The results of long-term follow-up from the KEYNOTE-426 study offer some additional insights. For this study, median duration of follow-up of 30.6 months has thus far been reported, therefore there are more limited data regarding responders compared to the aforementioned studies [8]. Furthermore, discontinuation of therapy was more difficult to characterize, since this study combined the anti-PD-1 antibody pembrolizumab in combination with axitinib, a vascular endothelial growth factor tyrosine kinase inhibitor (VEGF TKI). In this study, 19 patients completed the protocol-indicated 2 years of pembrolizumab. Of the 312 patients who discontinued treatment on this arm of the study, 181 discontinued due to progressive disease, 18 due to clinical progression, and 78 discontinued treatment due to adverse events; 92 patients discontinued pembrolizumab due to adverse events. At the time of data cut-off, 98 patients remained on treatment, though it is not clear if these patients were on pembrolizumab plus axitinib or axitinib alone. While more follow-up, especially delineating continued responses in those patients discontinuing pembrolizumab therapy, would likely provide more insight, this study does demonstrate that survival does remain superior to sunitinib, even with a finite treatment of pembrolizumab.

The other data we may examine for the potential to discontinue ICI therapy comes from retrospective data regarding immune-related adverse events (irAEs) requiring discontinuation of therapy. The first study evaluated 19 patients with mRCC who experienced an initial clinical response to ICI therapy but required discontinuation of all systemic therapy due to an irAE [9]. Durable clinical benefit, consisting of a response lasting at least 6 months, was observed in 68% (n = 13) of patients. A larger, systematic review of prospective studies reporting individual outcomes after ICI discontinuation in patients with mRCC encompassed 16 cohorts comprising of 1833 patients treated with ICIs [10]. Of the 572 patients who had responses to treatment and had available data, 327 patients stopped ICI therapy, with 86 (26%) continuing to respond off-treatment. Treatment-free survival (TFS) in this analysis was considerable: in patients treated with dual ICI therapy, the 6-month and 12-month mean rates were 57% and 50% respectively. Those treated with an ICI + VEGF-directed therapy has 6-month and 12-month mean TFS rates of 20% and 5%, respectively. These data collectively indicate that patients who discontinue ICI therapy may enjoy a sustained response to therapy.
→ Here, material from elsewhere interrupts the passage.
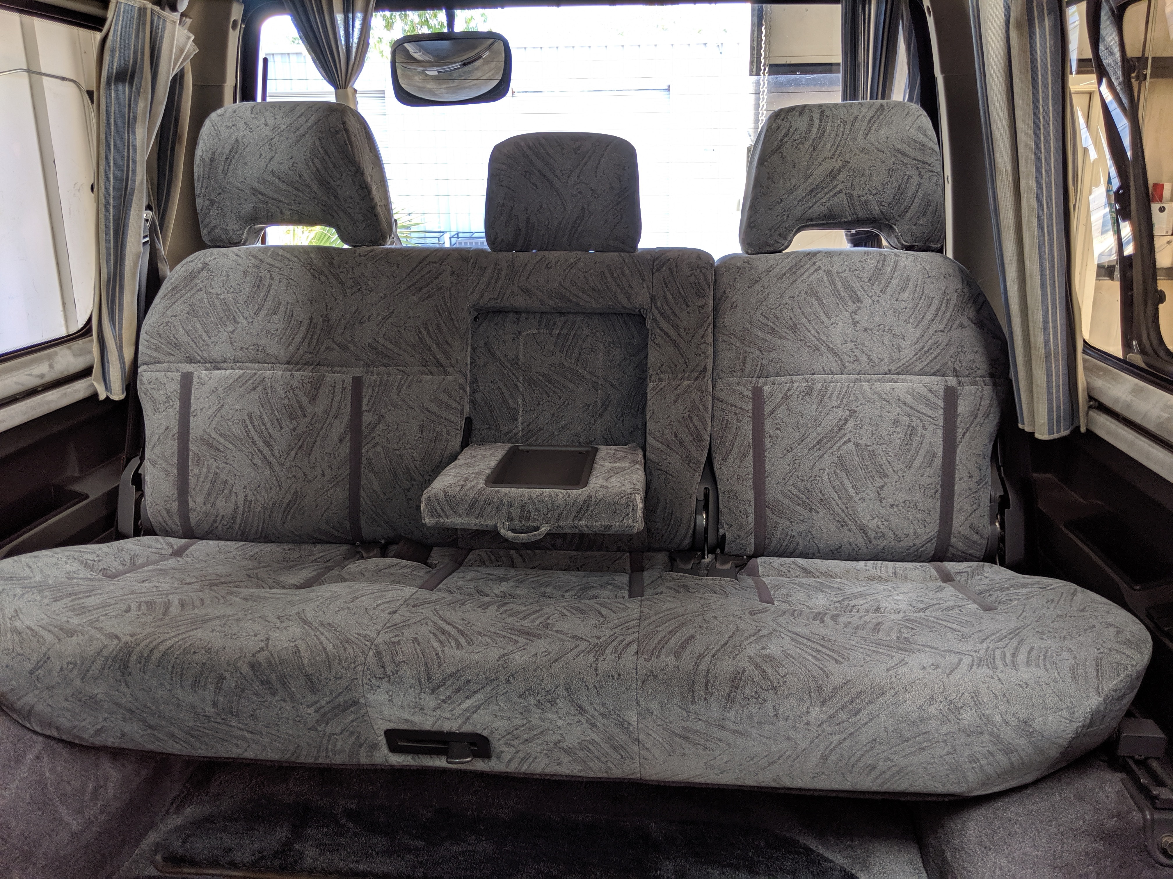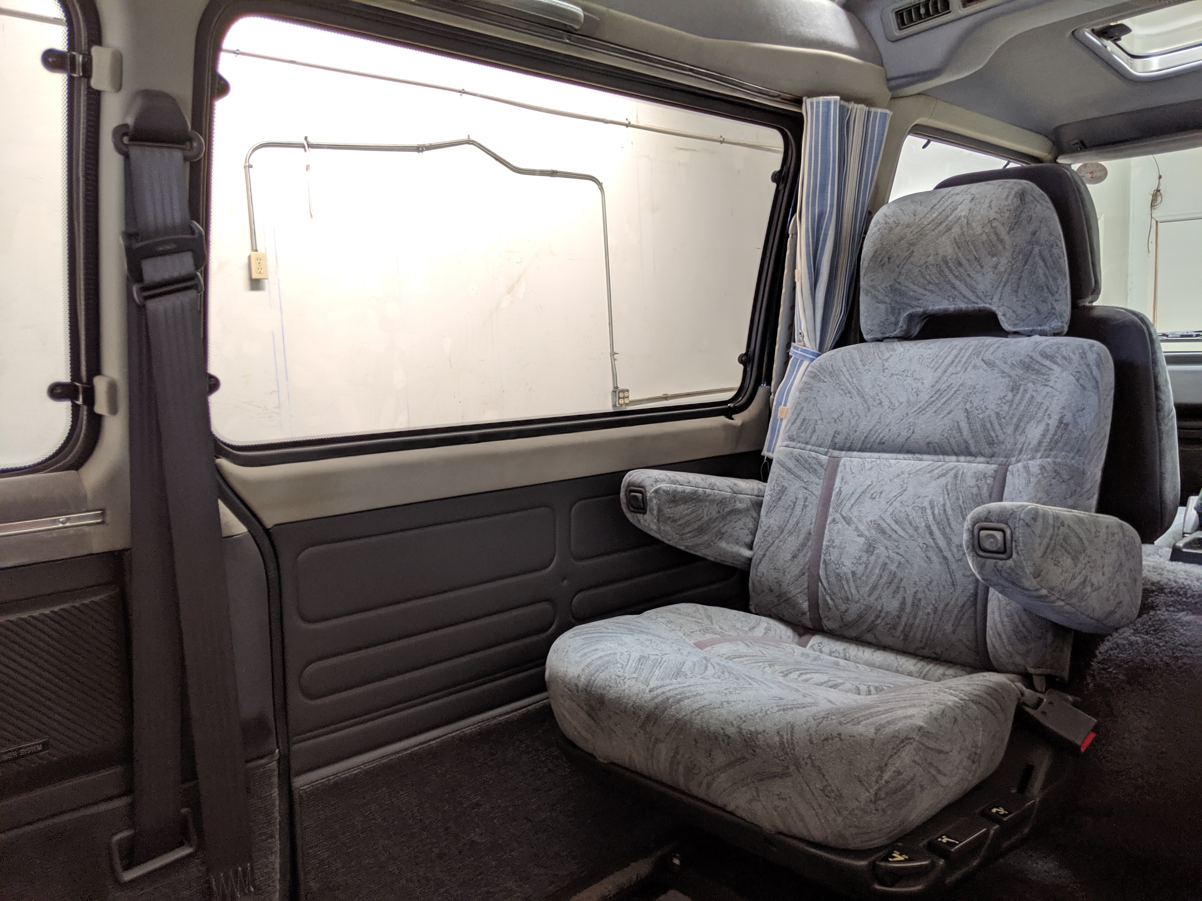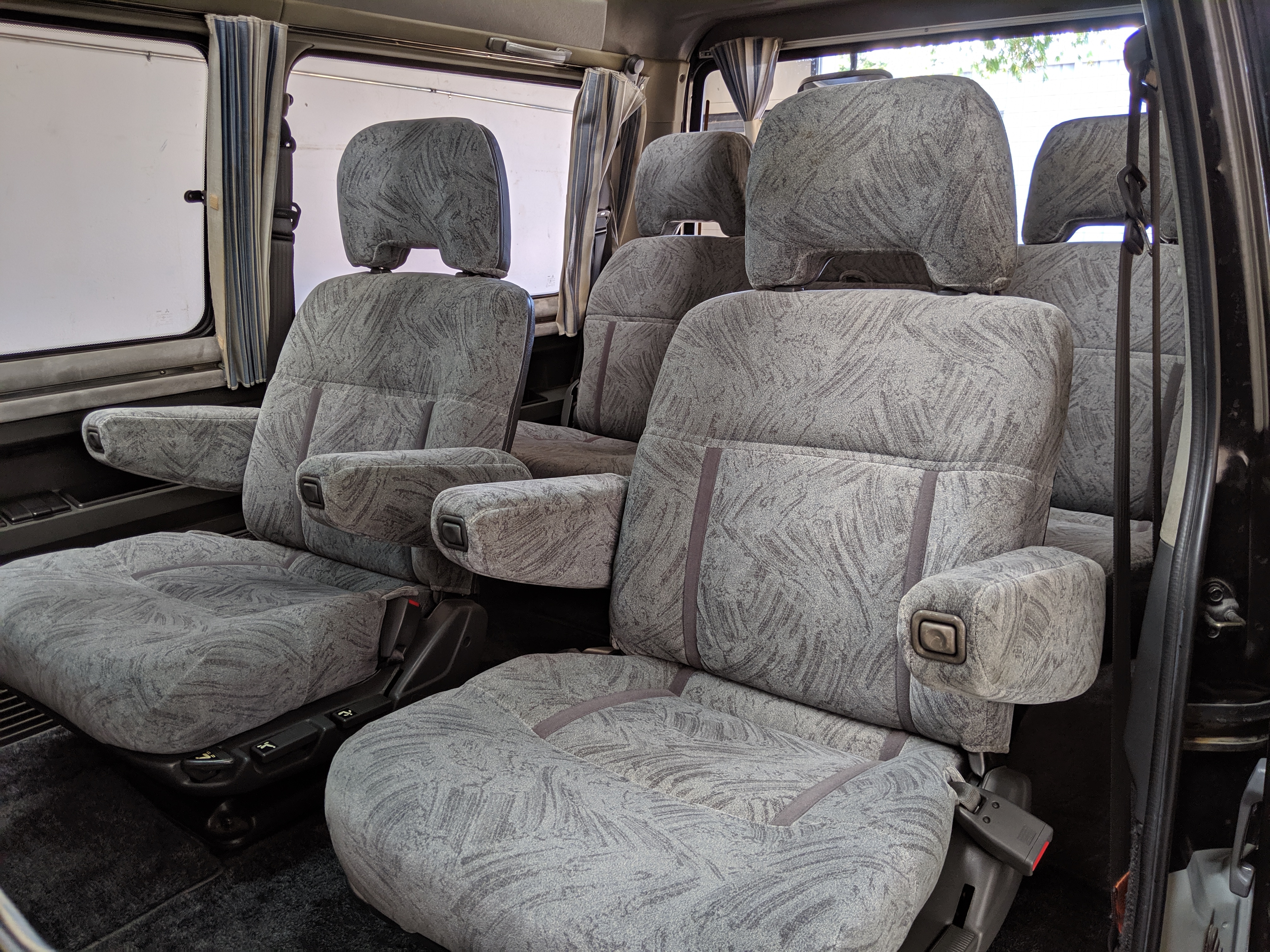 In back is the real place to be, with two spinning captain’s chairs in the same luscious fabric as the front, which can be spun around 360 degrees locking at various points, though it should be noted that in order to use the shoulder belts you must be facing forward. These two chairs can also slide forward and backward along the floor. The rear bench seat is donned in the familiar fabric pattern and has a center armrest. On the right wall opposite the sliding door is the rear controls for the rear heater and AC unit. Controls are also located for the driver up front. All the original floor mats are included and are way softer than floor mats should be for any vehicle. In the rear cargo area is a little bonus in the form of a plastic tray embossed with ‘MITSUBISHI’. Above in the roof is the defining characteristic of high-trim Delicas, the Crystal Lite Roof. 4 large curved glass panels give a excellent view of the sky while driving. Each shade can be individually opened or closed, or be toggled all at once. Rear vents and a large overhead fluorescent light show up here as well. Please note that the left front rear shade is ‘sticky’, the reason is the cable that drives the shade is damaged a bit meaning it can close all the way but will need to be helped along to open back up. Completing the aesthetic is curtains that can be drawn over all the exterior rear windows. You’d be hard pressed to find a newer, lower mileage, manual transmission Super Exceed. These L300 Delicas have the following they do for a reason, if you’d like to jump in you couldn’t do better than this 1994 Delica.

Though the rate of irAEs does not appear to increase with longer duration of therapy, risk of development of irAEs remains while patients continue on treatment. In addition, continuous ICI treatment should be considered in the context of its impact on the overall burden of cancer care costs. Yet, the prospect of discontinuing ICI therapy after a patient achieves a response can be anxiety-provoking for both the patient and the physician. While an Alliance clinical trial is evaluating this question in patients with metastatic urothelial carcinoma who have achieved a response to treatment with ICI (NCT04637594), no prospective studies have yet evaluated this question in mRCC.

Perhaps the first step towards addressing the optimal duration of ICI therapy should involve a more sophisticated approach. To that end, a recent study collected 457 blood samples from two cohorts of patients with mRCC: the Phase II OMNIVORE study and a prospective institutional cohort from the University of Wisconsin [11]. Circulating tumor cell (CTC) enumeration and fluorescence were evaluated, as well as the interplay between HLA I and PD-L1 relative to CTC abundance, as well as the HLA I to PD-L1 (HP) ratio. Patients who had radiographic responses to therapy had much lower CTC abundance. Furthermore, HP ratio trajectories that were highest correlated to the shortest overall survival. With further advancements in CTC enumeration and other biomarkers, we may be able to establish a way to characterize ‘minimal residual disease’ or a manner to identify patients likely to maintain a response to ICI therapy after discontinuation. Pilot prospective studies focused in this area may then enable the design of a larger, prospective study that may spare selected patients from unnecessary or prolonged ICI treatment.